IV. SUR L’APPLICATION DE L’ARTICLE
41 DE LA CONVENTION
64. Aux termes de l’article 41 de la
Convention,
« Si la Cour
déclare qu’il y a eu violation de la Convention ou de ses Protocoles, et si le
droit interne de la Haute Partie contractante ne permet d’effacer qu’imparfaitement
les conséquences de cette violation, la Cour accorde à la partie lésée, s’il y
a lieu, une satisfaction équitable. »
A. Dommage
. Le requérant
réclame 1 400 000 euros (EUR) au titre du préjudice matériel qu’il
aurait subi en raison de l’impossibilité de finir ses études, d’avoir un
contrat de travail en bonne et due forme et de subvenir aux besoins de son
enfant mineur ainsi que des tortures et traitements inhumains dont il aurait
été victime. De plus, il réclame 1 500 000 euros (EUR) au titre du
préjudice moral que lui-même et sa famille auraient subi.
. Le
Gouvernement estime ces sommes exorbitantes. S’agissant du montant réclamé au
titre du préjudice matériel, il fait valoir qu’il n’y a pas de lien de
causalité entre le préjudice allégué et l’objet de la présente affaire. S’agissant
de la somme sollicitée au titre du préjudice moral, il considère qu’un éventuel
arrêt de condamnation pourrait constituer une réparation satisfaisante en
lui-même et qu’en tout état de cause les sommes réclamées ne reflètent pas la
jurisprudence de la Cour en la matière.
. La Cour
relève que le seul fondement à retenir, pour l’octroi d’une satisfaction
équitable, réside en l’espèce dans le fait que le requérant n’a pas bénéficié d’un
procès équitable devant la cour d’appel de Iaşi et la Haute Cour de
cassation et de justice. Dès lors, elle n’aperçoit pas de lien de causalité entre la
violation constatée et le préjudice matériel allégué par le requérant.

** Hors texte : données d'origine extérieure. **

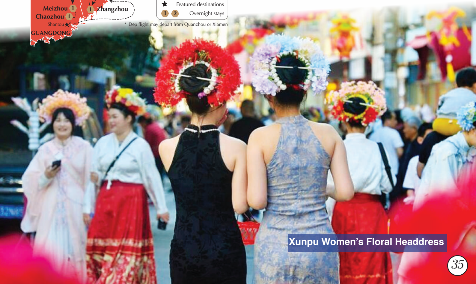
Xunpu Women's Floral Headdress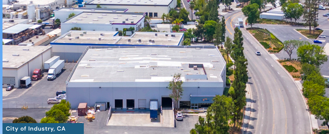
City of Industry, CA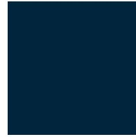
Polyethylene Mat blue navy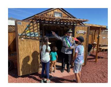
What is The President Pointing At?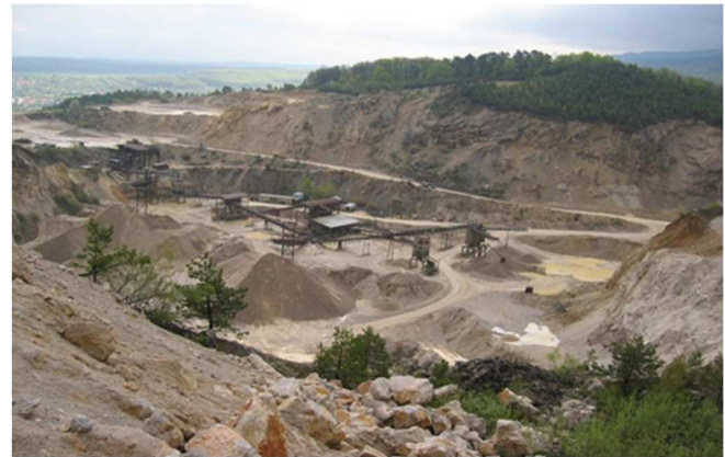
Figure 2 Mining of granodiorite in Hradová quarry

In this contribution, we solved a problem with inventory in the quarry Hradová. By the EOQ model (equation 6) - Wilson Adler equation we looked for optimizing state of inventory raw material granodiorite in a mining company, which extract granodiorite by surface mining for the purpose of adjustment, used as an aggregate in construction. The extracted raw material is stored in the quarry and the mining company solves a place for the storage of raw material - granodiorite (figure 2). Place for store raw material - granodiorite is big problem for mining company, that must be solved. By the optimizing model, we can decrease volume of raw material for a store in the quarry Hradová.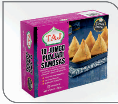
Jumbo Punjabi Samosas 750 g / 10 Pieces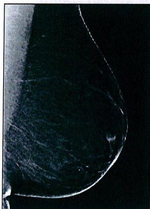
The breasts are almost entirely fatty.

When the radiologist looks at your mammogram, they determine your breast density. There are four categories of breast density. They go from almost all fatty tissue (which is the least dense) to almost all glandular and fibrous with very little fatty tissue (the most dense). The radiologist decides which of the four categories (below) best describes your level of breast density.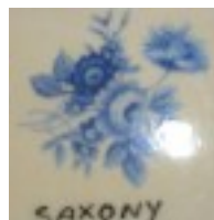
CERAMIC With Blue Saxony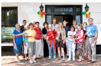
The Guild's new Education Center was opened with a ribbon cutting ceremony on Sept. 3rd.

Here are some photographs of current Guild events.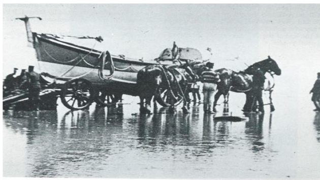
The Richard Coleman and its heavy transporting carriage on the sands, preparing to launch at low tide.

The launches were often attended by large crowds when news of a vessel in trouble circulated through the town. Reference material shows that the Worthing and West Sussex coastline experiences difficult currents and sudden shifts in the seabed resulting in shipwrecks and many similar incidents. This makes the heroism of these local fishermen and crews even more poignant. The lifeboats were taken to the launching site east of Worthing Pier by a team of six strong horses and launched from the beach.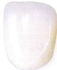
Final BruxZir® or IPS e.max® crown included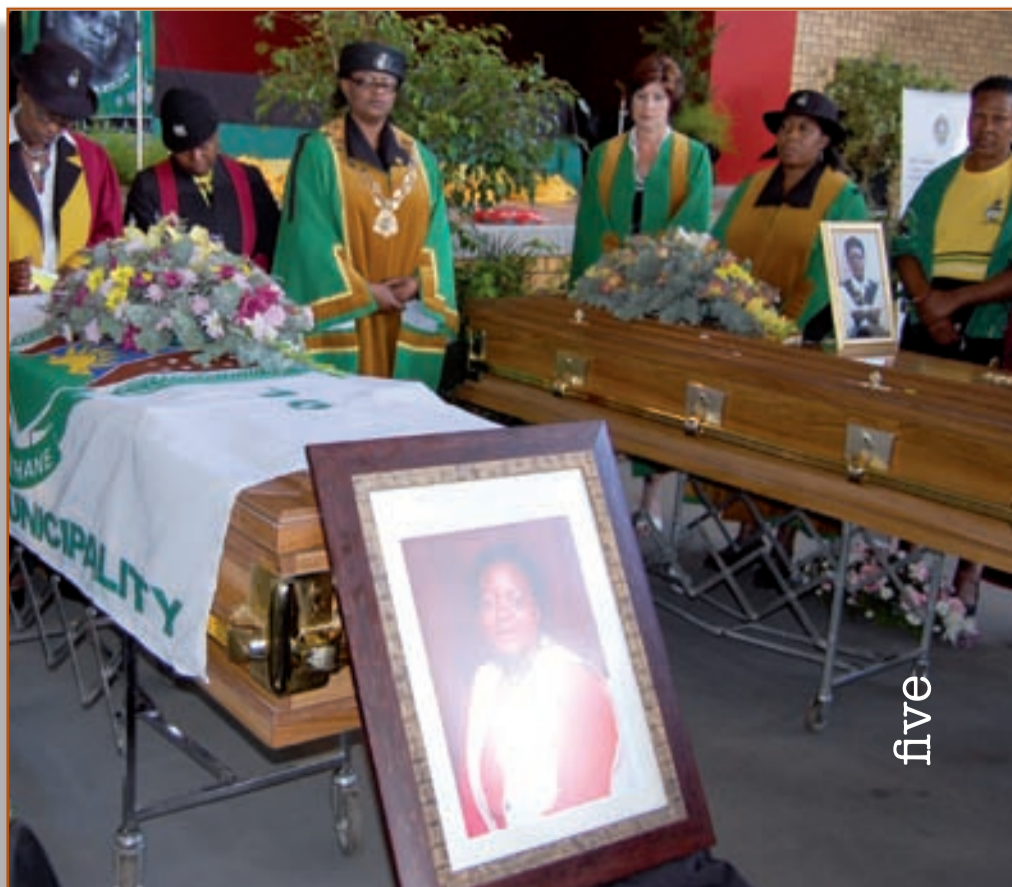
Below: The Executive Mayor, Mantlhakeng Mahlangu and members of the Mayoral Committee pay their last respects.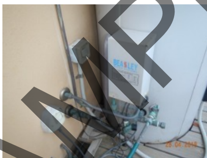
Recommend service check of hws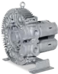
G-BH7 single stage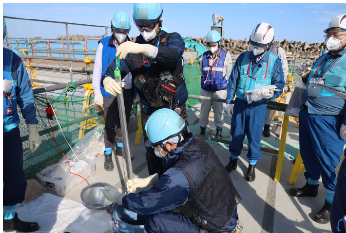
Sampling from the upper-stream storage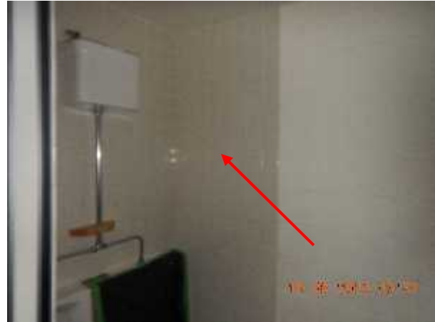
Photo 6 Description: Beige 6"x6" ceramic tile grout and thinset Location: Boys Washroom by Staff Room Asbestos: Suspect concealed asbestos leveling compound(s)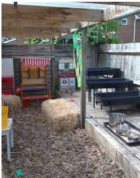
Outside undercover play area

The playschool has a colourful open air playground, an outside undercover play area and a pirate ship for the children to play on.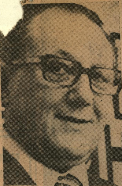
Mr Jimmy Kruger . . . strong action

THE MINISTER OF JUSTICE, Mr Jimmy Kruger, yesterday promised South Africa: I will do all I can to put right whatever is wrong in our prisons system.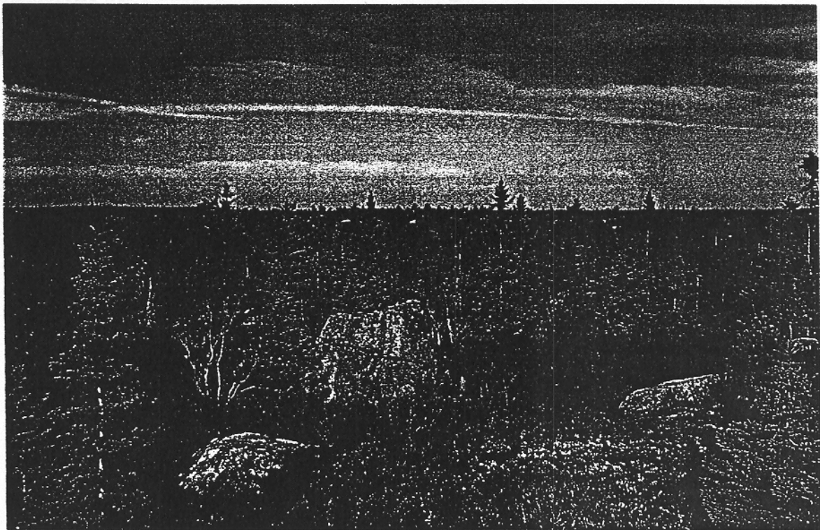
Plate 2: Landscape at north end of claim block, October 26, 2000.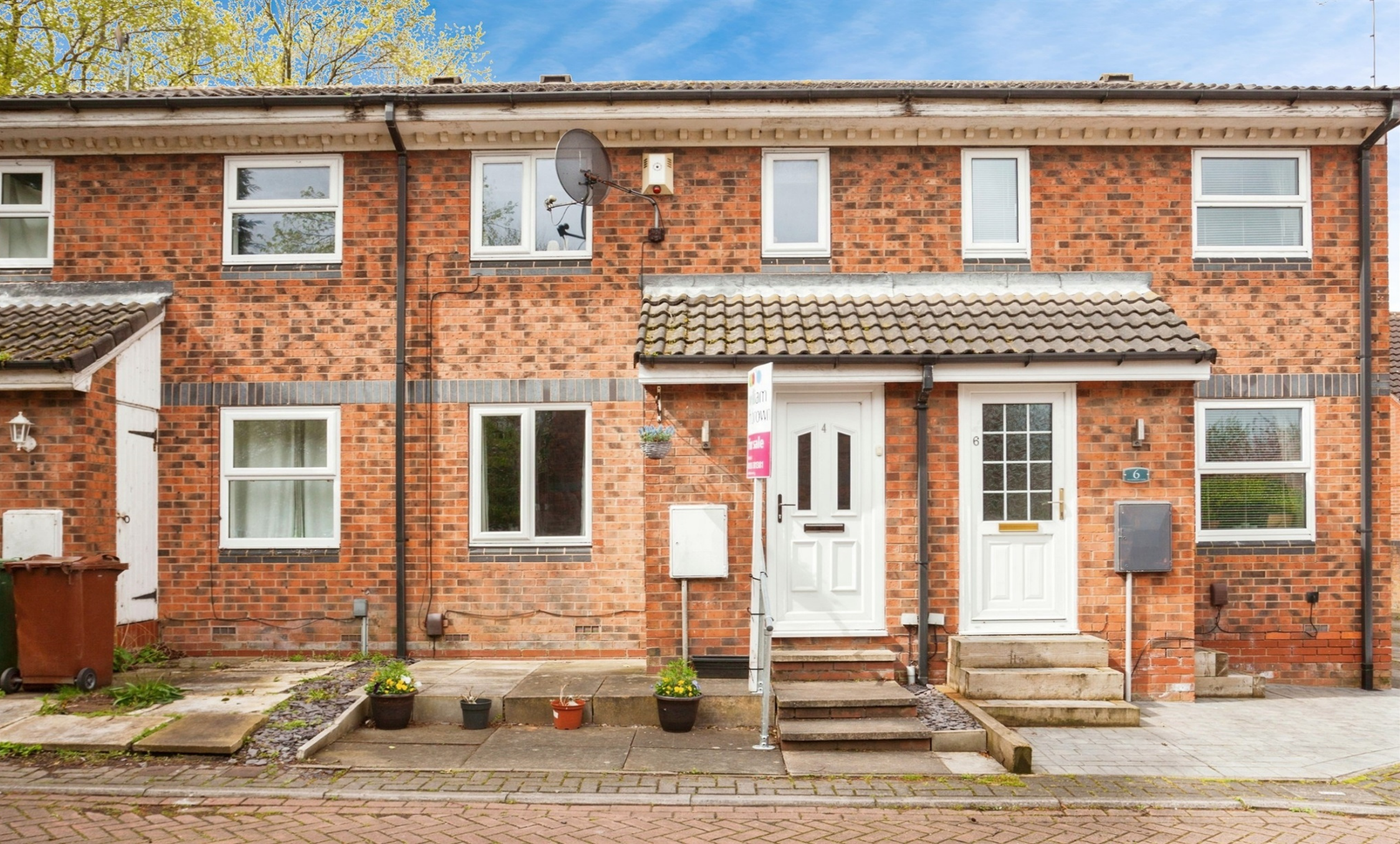
Woodbridge Close, Eastmoor Wakefield WF1 4LN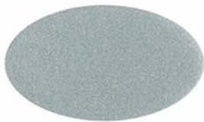
STEEL-CITY SILVER UC106705XL/3ZMA86982P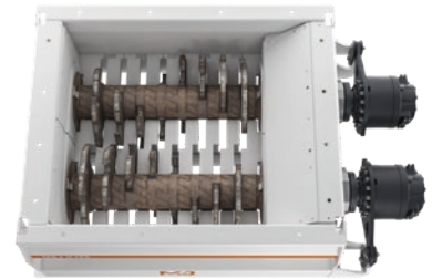
Cutting table 8 knives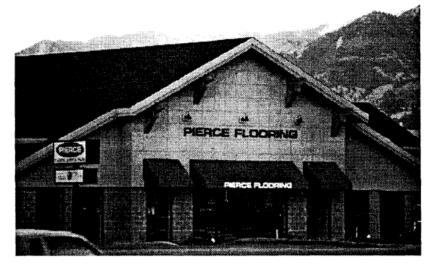
Figure 3. The phony western architectural style promoted by design guidelines.

The third reason that the buildings fail to define the street is the attention the DOPEC guidelines give to architectural style. The guidelines incorrectly suggest that Bozeman's character is created by a western-style of buildings with distinct rooflines, steeply pitched roofs, and deep roof over-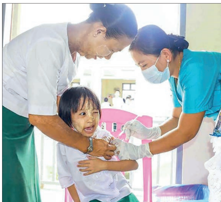
A student in Kyaukpyu Township in Rakhine State gets COVID-19 vaccine shot on 26 July.

Ministry of Foreign Affairs Nay Pyi Taw Dated, 26 July 2022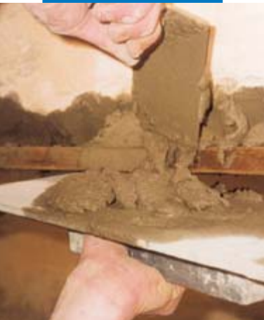
Restoring the front side of the concrete slab of a balcony: applying Planitop 400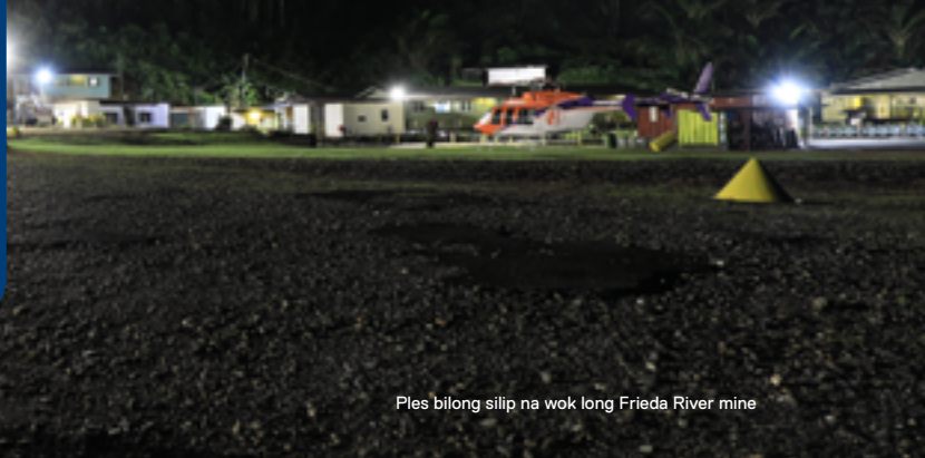
Ples bilong silip na wok long Frieda River mine

. En revanche, la Cour considère que le requérant a subi un dommage moral certain et, statuant en équité, comme le veut l’article 41
de la Convention, elle alloue au requérant la somme de 3 000 EUR au
titre du préjudice moral.
. En outre, la
Cour rappelle que lorsqu’un particulier, comme en l’espèce, a été condamné à l’issue
d’une procédure entachée de manquements aux exigences de l’article 6 de la
Convention, un nouveau procès ou une
réouverture de la procédure à la demande de l’intéressé représente en principe
un moyen approprié de redresser la violation constatée (voir Gençel c. Turquie, no 53431/99,
§ 27, 23 octobre 2003 et Tahir Duran
c. Turquie, no 40997/98, § 23, 29 janvier
2004). A cet égard, elle note que l’article 4081 du
Code roumain de procédure pénale permet la révision d’un procès sur le plan
interne lorsque la Cour a constaté la violation des droits et libertés fondamentaux
d’un requérant (voir, également, Mircea c. Roumanie, no 41250/02, §
98, 29 mars 2007).
B. Frais et dépens
. Le requérant ne demande pas le remboursement des frais et dépens encourus
devant les juridictions internes et la Cour.
. En l’absence de demande du
requérant, la Cour décide de ne lui allouer aucune somme de ce chef.
C. Intérêts moratoires
. La Cour juge
approprié de calquer le taux des intérêts moratoires sur le taux d’intérêt de
la facilité de prêt marginal de la Banque centrale européenne majoré de trois
points de pourcentage.
PAR CES MOTIFS, LA COUR, À L’UNANIMITÉ,
1. Joint au fond l’exception
préliminaire soulevée par le Gouvernement relative au non-épuisement des voies
de recours internes concernant le grief tiré de l’article 6 § 1 et la rejette ;
2. Déclare
la Requête recevable quant au grief tiré de l’article 6 § 1 de la Convention et
irrecevable pour le surplus ;
3. Dit qu’il y a eu violation
de l’article 6 § 1 de la Convention ;
4. Dit
a) que l’Etat défendeur doit verser au
requérant, dans les trois mois à compter du jour où l’arrêt sera devenu
définitif conformément à l’article 44 § 2 de la Convention, la
somme de 3 000 EUR (trois mille euros), pour dommage moral, plus tout montant pouvant être dû à titre d’impôt,
somme à convertir à convertir dans la monnaie de l’Etat défendeur au taux
applicable à la date du règlement ;
b) qu’à compter de l’expiration dudit
délai et jusqu’au versement, ces montants seront à majorer d’un intérêt simple
à un taux égal à celui de la facilité de prêt marginal de la Banque centrale
européenne applicable pendant cette période, augmenté de trois points de
pourcentage ;
5. Rejette la demande de satisfaction
équitable pour le surplus.
Fait en français, puis communiqué par écrit
le 5 mars 2013, en application de l’article 77 §§ 2 et 3 du règlement.